SSE-KMS (Server-Side Encryption with KMS keys): AWS KMS manages the keys. You control key policies and who can access them. Audit trail in CloudTrail - you can see who accessed what, when. Key rotation: automatic for AWS managed keys (like aws/s3), manual for customer managed keys. Separate charges for KMS API calls (encrypt/decrypt operations). Use when: you need audit trails, fine-grained access control, or compliance requirements.
SSE-C (Server-Side Encryption with Customer-provided keys): You provide the encryption keys with each request. AWS doesn’t store your keys (most secure). You manage key lifecycle yourself (rotation, backup, etc.). Most control but most responsibility. Use when: you have strict regulatory requirements or need full key control.
Default Encryption: Set at bucket level (Properties → Default encryption). All new objects uploaded to the bucket are encrypted automatically. You can still override per object if needed. Important: doesn’t encrypt existing objects (only new uploads after enabling).
Encryption in Transit: Always use HTTPS (SSL/TLS) when accessing S3. S3 endpoints support HTTPS by default. Use https:// URLs in your applications. VPC Endpoints also encrypt traffic between your VPC and S3. If you use HTTP, data is not encrypted in transit.
Tips:
- SSE-S3 = free, automatic, AWS manages everything
- SSE-KMS = audit trail in CloudTrail, costs extra, you control key policies
- SSE-C = you manage keys yourself, AWS doesn’t store them
- Default encryption = bucket-level setting, only affects new objects
- In transit = always use HTTPS, HTTP is not encrypted
- KMS key rotation = automatic for AWS managed, manual for customer managed
Quick Reference:
When you see these phrases, here’s what to pick:
- “least operational overhead” → SSE-S3
- “regulatory compliance” / “audit trail” → SSE-KMS
- “customer manages keys” → SSE-C
- “AWS must never see the data unencrypted” → Client-side encryption
- “ensure all new objects are encrypted” → Default encryption
Default Encryption vs Bucket Policy:
Default Encryption is about encrypting objects (data protection). Bucket Policy is about access control (who can access objects). They’re different things - encryption protects data, policy controls access. You can have encryption without policy, or policy without encryption, or both.

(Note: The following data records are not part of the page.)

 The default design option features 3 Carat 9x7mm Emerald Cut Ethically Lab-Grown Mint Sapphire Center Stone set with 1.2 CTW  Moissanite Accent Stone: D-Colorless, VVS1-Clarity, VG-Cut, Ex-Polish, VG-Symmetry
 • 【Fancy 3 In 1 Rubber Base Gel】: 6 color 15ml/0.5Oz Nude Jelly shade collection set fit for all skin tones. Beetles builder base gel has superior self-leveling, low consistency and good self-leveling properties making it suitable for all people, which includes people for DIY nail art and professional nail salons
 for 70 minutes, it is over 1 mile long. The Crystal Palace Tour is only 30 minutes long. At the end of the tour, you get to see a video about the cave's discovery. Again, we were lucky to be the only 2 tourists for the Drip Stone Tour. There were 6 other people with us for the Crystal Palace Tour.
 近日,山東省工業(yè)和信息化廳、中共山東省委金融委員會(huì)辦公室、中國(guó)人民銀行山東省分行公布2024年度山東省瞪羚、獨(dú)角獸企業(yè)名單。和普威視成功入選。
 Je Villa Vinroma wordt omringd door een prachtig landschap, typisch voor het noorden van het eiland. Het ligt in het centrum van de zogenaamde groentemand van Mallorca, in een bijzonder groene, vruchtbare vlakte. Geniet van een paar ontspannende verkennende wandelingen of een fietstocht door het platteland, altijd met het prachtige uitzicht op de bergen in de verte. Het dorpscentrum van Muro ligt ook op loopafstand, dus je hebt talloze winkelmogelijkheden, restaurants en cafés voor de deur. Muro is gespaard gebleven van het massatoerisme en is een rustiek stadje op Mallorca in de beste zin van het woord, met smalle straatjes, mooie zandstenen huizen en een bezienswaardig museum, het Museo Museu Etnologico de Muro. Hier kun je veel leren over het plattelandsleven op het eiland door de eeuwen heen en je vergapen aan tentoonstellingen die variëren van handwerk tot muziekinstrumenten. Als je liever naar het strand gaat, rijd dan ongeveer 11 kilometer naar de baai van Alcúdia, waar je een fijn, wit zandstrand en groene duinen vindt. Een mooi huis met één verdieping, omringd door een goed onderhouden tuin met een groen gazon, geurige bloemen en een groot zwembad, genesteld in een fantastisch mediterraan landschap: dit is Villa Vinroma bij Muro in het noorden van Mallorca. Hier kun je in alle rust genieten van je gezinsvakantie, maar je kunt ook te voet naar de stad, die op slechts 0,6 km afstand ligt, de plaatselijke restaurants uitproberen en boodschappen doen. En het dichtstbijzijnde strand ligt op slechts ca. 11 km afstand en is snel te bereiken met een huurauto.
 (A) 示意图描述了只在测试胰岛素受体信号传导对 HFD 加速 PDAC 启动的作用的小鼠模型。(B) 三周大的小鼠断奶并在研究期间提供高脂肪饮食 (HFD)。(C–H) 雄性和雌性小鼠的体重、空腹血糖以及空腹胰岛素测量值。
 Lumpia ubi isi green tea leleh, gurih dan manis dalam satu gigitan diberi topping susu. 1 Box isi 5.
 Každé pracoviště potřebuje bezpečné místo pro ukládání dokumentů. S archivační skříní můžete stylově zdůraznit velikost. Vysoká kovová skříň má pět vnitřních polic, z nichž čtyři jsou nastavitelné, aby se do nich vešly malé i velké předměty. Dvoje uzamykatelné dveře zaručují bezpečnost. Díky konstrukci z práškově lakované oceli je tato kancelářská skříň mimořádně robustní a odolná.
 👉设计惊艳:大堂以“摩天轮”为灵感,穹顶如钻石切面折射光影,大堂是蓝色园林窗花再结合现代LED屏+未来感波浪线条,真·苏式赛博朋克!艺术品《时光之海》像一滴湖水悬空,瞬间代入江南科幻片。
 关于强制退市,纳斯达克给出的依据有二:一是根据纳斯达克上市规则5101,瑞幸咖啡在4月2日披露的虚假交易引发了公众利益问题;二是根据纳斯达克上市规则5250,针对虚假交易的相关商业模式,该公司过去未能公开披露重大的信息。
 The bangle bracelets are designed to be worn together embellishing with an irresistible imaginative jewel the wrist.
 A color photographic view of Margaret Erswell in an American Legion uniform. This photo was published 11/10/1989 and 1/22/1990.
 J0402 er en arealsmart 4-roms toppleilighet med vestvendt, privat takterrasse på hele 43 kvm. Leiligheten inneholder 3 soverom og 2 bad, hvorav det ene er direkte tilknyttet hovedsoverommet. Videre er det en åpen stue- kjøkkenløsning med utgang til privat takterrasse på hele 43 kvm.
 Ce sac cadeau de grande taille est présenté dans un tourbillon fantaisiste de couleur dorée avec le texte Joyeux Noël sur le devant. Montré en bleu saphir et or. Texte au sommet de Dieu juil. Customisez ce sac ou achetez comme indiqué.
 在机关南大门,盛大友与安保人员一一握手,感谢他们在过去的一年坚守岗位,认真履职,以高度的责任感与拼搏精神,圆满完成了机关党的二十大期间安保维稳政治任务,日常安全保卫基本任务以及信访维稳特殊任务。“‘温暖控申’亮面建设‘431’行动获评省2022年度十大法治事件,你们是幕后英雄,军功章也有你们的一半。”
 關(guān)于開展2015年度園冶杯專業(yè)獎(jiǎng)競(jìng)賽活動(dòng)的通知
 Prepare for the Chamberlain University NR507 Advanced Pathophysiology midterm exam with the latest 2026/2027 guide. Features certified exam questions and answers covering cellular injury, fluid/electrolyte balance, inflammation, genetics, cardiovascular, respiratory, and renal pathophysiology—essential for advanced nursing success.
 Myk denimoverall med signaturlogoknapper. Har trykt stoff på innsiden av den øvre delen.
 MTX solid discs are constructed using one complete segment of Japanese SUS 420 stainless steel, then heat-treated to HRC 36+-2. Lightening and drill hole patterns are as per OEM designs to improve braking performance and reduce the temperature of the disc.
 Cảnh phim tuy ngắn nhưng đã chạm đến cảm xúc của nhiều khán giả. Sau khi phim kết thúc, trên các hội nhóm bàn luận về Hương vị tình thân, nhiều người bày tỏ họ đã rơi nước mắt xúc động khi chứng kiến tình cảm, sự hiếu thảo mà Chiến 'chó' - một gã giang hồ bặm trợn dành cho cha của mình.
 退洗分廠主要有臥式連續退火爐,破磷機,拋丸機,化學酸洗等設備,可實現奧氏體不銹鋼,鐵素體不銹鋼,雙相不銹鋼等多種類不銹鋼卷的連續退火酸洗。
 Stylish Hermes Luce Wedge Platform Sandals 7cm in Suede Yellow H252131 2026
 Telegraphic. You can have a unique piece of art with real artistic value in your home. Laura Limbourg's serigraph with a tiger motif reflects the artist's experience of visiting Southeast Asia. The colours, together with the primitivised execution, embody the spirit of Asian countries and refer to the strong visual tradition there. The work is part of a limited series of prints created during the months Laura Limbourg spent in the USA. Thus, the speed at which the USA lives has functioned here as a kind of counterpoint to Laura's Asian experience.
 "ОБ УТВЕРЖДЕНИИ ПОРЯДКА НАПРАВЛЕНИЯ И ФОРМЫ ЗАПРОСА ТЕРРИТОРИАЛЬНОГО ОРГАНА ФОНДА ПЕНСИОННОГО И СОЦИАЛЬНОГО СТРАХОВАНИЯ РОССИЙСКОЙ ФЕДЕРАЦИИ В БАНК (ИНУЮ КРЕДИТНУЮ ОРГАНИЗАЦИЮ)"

Evaluation order: When someone tries to access an object, Bucket Policy is evaluated first (access control check). If access is allowed, then encryption/decryption happens. So: Policy → Encryption/Decryption.
Example Bucket Policy - Require Encryption:
You can use a bucket policy to enforce encryption on uploads. This policy denies any PUT request that doesn’t use SSE-KMS:
1
2
3
4
5
6
7
8
9
10
11
12
13
14
15
16
17
{
"Version": "2012-10-17",
"Statement": [
{
"Sid": "DenyInsecureConnections",
"Effect": "Deny",
"Principal": "*",
"Action": "s3:PutObject",
"Resource": "arn:aws:s3:::your-bucket-name/*",
"Condition": {
"StringNotEquals": {
"s3:x-amz-server-side-encryption": "aws:kms"
}
}
}
]
}
This forces all uploads to use SSE-KMS. You can also use "aws:kms" for SSE-KMS or "AES256" for SSE-S3.
CORS
CORS (Cross-Origin Resource Sharing) lets web pages from one domain access resources from another domain. Browsers block cross-origin requests by default for security.
When do you need CORS? When your website (e.g., https://example.com) tries to access S3 objects from JavaScript in the browser. Without CORS, browser blocks the request.
How it works: browser sends a preflight request (OPTIONS) first, asking “can I access this?”. S3 responds with CORS headers saying “yes, from these origins, with these methods”. Then the actual request happens.
How to configure: CORS is configured at bucket level, not via bucket policy. Go to S3 Console → Select your bucket → Permissions tab → Scroll down to Cross-origin resource sharing (CORS) → Edit → Paste your CORS configuration JSON → Save changes.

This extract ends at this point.